— Task requirements —
Set down, word for word, every line of the material below from the one containing "Imagen 2. Sitio" through the one containing "大会への意気込みを込めて選手宣誓", but none of its pictures.

— Extracted records —
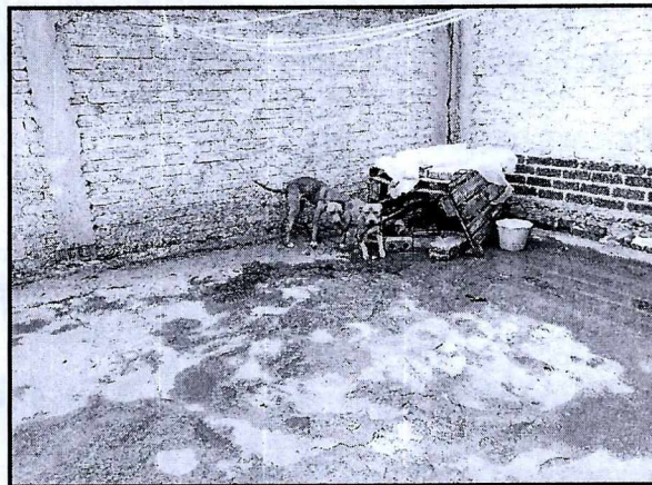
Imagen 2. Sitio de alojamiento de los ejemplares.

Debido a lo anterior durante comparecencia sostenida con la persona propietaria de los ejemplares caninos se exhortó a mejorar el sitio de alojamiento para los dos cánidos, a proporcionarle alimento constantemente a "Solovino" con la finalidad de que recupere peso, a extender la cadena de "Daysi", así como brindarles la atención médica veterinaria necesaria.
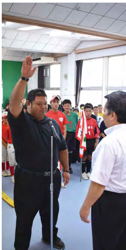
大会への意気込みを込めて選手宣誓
--
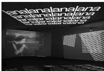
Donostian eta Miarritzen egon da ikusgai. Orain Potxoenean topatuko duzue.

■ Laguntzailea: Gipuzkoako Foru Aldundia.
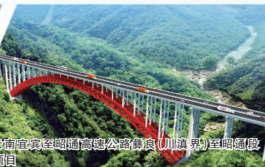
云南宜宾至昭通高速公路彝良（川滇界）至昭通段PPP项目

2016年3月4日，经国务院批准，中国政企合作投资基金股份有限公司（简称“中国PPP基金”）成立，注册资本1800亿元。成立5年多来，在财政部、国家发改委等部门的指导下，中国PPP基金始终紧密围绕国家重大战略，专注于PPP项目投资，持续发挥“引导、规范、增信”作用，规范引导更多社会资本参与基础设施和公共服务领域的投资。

— Response to this exercise —
Imagen 2. Sitio de alojamiento de los ejemplares.

Debido a lo anterior durante comparecencia sostenida con la persona propietaria de los ejemplares caninos se exhortó a mejorar el sitio de alojamiento para los dos cánidos, a proporcionarle alimento constantemente a "Solovino" con la finalidad de que recupere peso, a extender la cadena de "Daysi", así como brindarles la atención médica veterinaria necesaria.
大会への意気込みを込めて選手宣誓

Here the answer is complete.